**Supplied data**
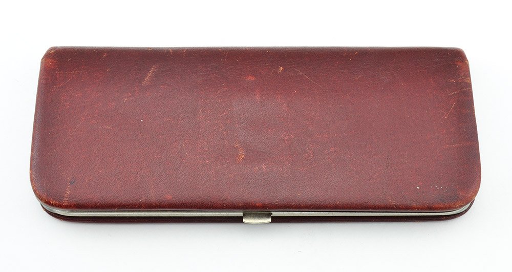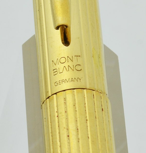 Condition Very nice condition. There are a couple of tiny chips in the gold plating on the cap and two tiny, light indents. There's light scratching and wear on the cap and barrel and some light brassing on the clip (see photos) as well as some minor wear around the Montblanc icons on the ends. No cracks, dents, or personalization. The imprints look good and the pen is working very well. The leather case is a little worn but looks lovely and the clasp still works well.
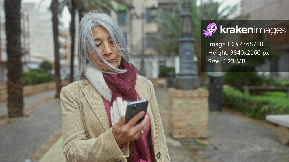 Senior woman with grey hair holding phone stands on palm-lined street, wearing coat and scarf, looking thoughtful, suggesting a modern urban lifestyle experience.
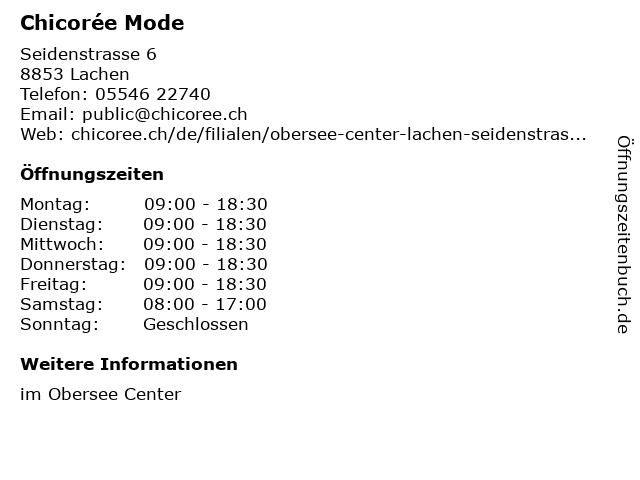 | Öffnungszeiten Chicorée Mode in Lachen anzeigen | |
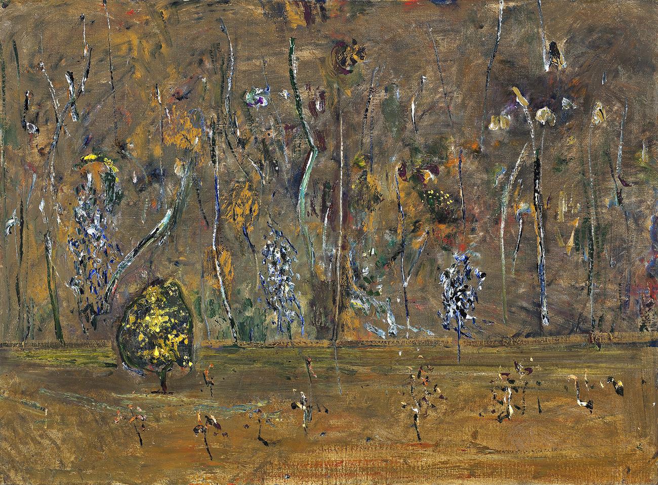 In Fred Williams’ Acacias in the You Yangs II, 1978, golden wattle lights the forest darkness, luminous of palette and texturally rich. Its radiance draws the eye, expectant with the mystery of germination and the promise of spring. Once again Williams displays his wonders of invention in response to the creative powers of nature, singular, visually and intellectually seductive. As master of his art, illusion of depth is balanced by emphasis on the picture plane, leading to an absorbing dialogue between realism and abstraction. Scumbled and calligraphic daubs of paint contrast with painterly luxuriance in the marriage of contraries. Close-up in view, the ascending background and absence of horizon increase the intimacy of the pictured moment. The subtle beauty of the floating forms tells of the felicitous influences of Chinese art, much enjoyed during Williams’ visit to China in 1976.

**Instructions to follow**
Using the data above, return the lines from the one holding "Senior woman with" through the one holding "anzeigen | |" exactly, but not the pictures.

**Worked solution**
 Senior woman with grey hair holding phone stands on palm-lined street, wearing coat and scarf, looking thoughtful, suggesting a modern urban lifestyle experience.
 | Öffnungszeiten Chicorée Mode in Lachen anzeigen | |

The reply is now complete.